Quando em 2015 os militares e seu Partido da União, Solidariedade e Desenvolvimento (USDP) tiveram que engolir uma pesada derrota, Aung San Suu Kyi ainda tentou o diálogo com o então presidente, o ex-general Thein Sein, e com o comandante em chefe das Forças Armadas, Min Aung Hlaing.

Agora, contudo, em vez de aceder aos militares, a NLD ignorou inteiramente suas críticas ao processo eleitoral. Isso pode ter ferido o orgulho daqueles que se entendem como guardiães do sistema político que criaram. “Desde a independência, os militares enfatizam sua integridade como protetores do povo e da nação. O desprezo a suas queixas foi um tapa na cara”, diz Zöllner.

Orgulho ferido, a nova derrota de seu USDP e a falta de canais de comunicação acabaram redundando no golpe militar, deduz Lubina. A NLD poderia ter agido com maior perspicácia, mas do modo como correu a situação, os generais não viram outra opção para preservar sua reputação e influência, senão tomar o Executivo. Agora anunciam que vão se encarregar da investigação das acusações de irregularidades eleitorais e providenciar um novo pleito.

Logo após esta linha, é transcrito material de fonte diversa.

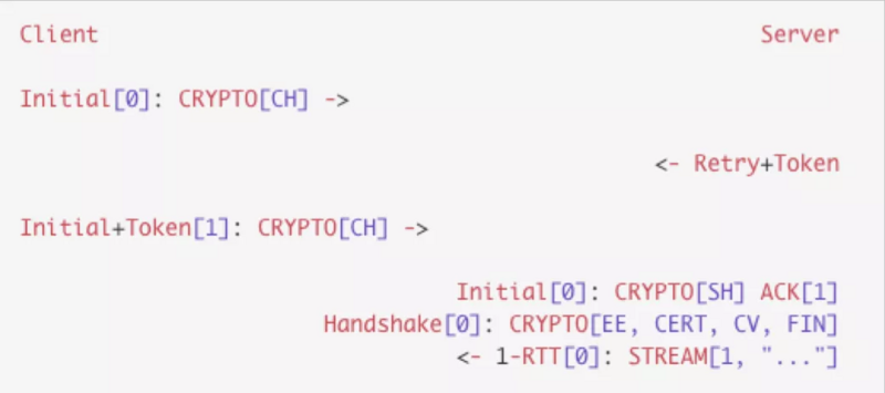•连接建立时,为了验证客户端的地址是否是攻击者伪造的,服务端会生成一个令牌(token)并通过重试包(Retry packet)响应给客户端。客户端需要在后续的初始包(Initial packet)带上这个令牌,以便服务端进行地址验证。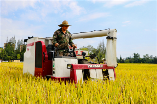 如今,农业机械成了秋收主力军,让农民当上了“甩手掌柜”,收割机在稻田里转几个来回,偌大的一片稻谷便收割完毕。看着从收割机的“嘴”里吐出来的稻谷,村民笑着告诉记者,“现在好方便哟,一亩面积的稻谷,十分钟不到就收割完了。”

Descaso pelo Ocidente, chance para a China

Visto de fora, contudo, é difícil compreender o passo dado pelas Forças Armadas birmanesas. Pois com a Constituição de 2008 elas criaram um sistema que basicamente lhes assegura o controle sobre a política nacional.

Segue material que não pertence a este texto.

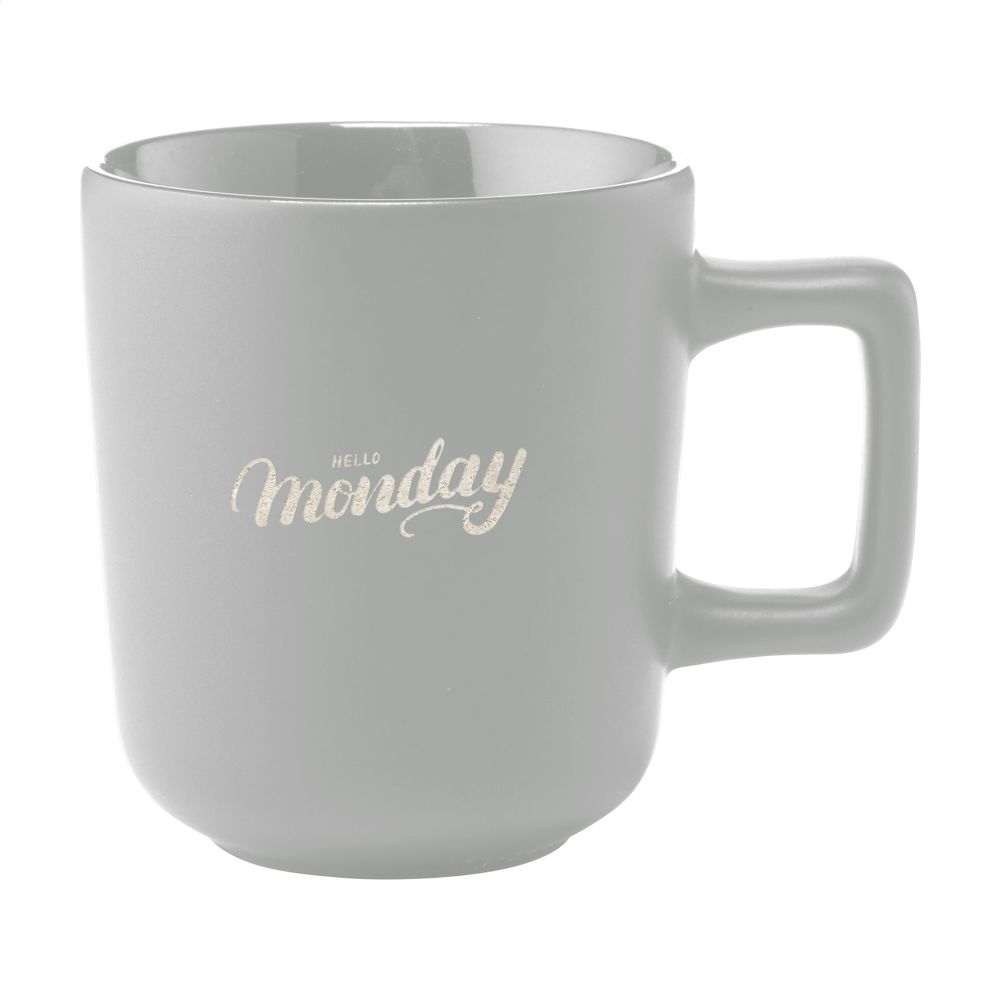 Becher aus hochwertiger Keramik mit einem auffälligen Henkel. Außen matt und innen hochglänzend lackiert. Spülmaschinenfest. Der Druck ist spülmaschinengeprüft und zertifiziert: EN 12875-2. Fassungsvermögen 280 ml. NOTIZ: Der weiße Becher kann nicht mit einer Lasergravur versehen werden, da diese nicht ausreichend sichtbar ist.

“Na verdade, bastaria eles esperarem a NLD perder sua popularidade, em decorrência da covid-19 e da economia em crise. Seu sistema lhes garante todas as possibilidades econômicas e políticas, sem terem que assumir responsabilidade”, analisa o especialista Michał Lubina.

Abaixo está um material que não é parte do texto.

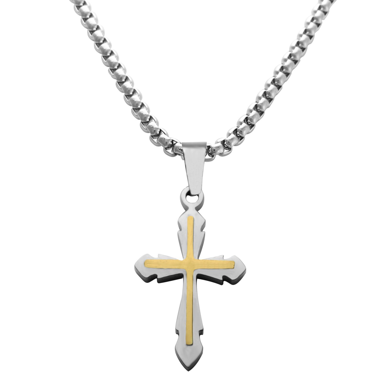 Stainless Steel Cross Pendant in Steel & Gold w/ Chain

Com o golpe, pelo contrário, os generais fortaleceram a reputação de Aung San Suu Kyi no país. Pois, o que quer que aconteça nos próximos anos, a população sempre dirá que, se os militares não tivessem tomado o poder, tudo estaria ótimo. Além disso, o golpe comprometerá as relações internacionais de Mianmar, como já prenunciam as reações da Europa e as ameaças de sanções dos Estados Unidos.

No entanto, “os militares não têm medo nem dos europeus, nem dos americanos”, ressalva Zöllner: as relações internacionais já eram mesmo deploráveis, desde a expulsão da minoria muçulmana rohingya; e por décadas a fio as Forças Armadas têm vivido bem com as sanções da Europa e dos EUA. Mais importante agora é como se posicionarão a Índia e o Japão. Sobretudo este último, que nos últimos anos tem investido fortemente em Mianmar.

Até agora, a China, a poderosa vizinha ao norte, tem se contido em avaliar as ocorrências em Mianmar. A agência estatal de notícias Xinhua descreveu o golpe como “grande reestruturação de gabinete”. Ainda três semanas atrás, o chefe das Forças Armadas birmanesas, Min Aung, recebeu o ministro chinês do Exterior, Wang Yi, para conversas de consolidação da “relação fraternal” entre os dois Estados.

Michał Lubina está seguro que Pequim protegerá Mianmar no Conselho de Segurança da ONU: “Tudo o que a China precisa fazer agora é esperar, enquanto a situação em Mianmar piora devido à pressão internacional crescente. Quanto maior a pressão, mais Mianmar terá que se curvar diante da potência protetora.”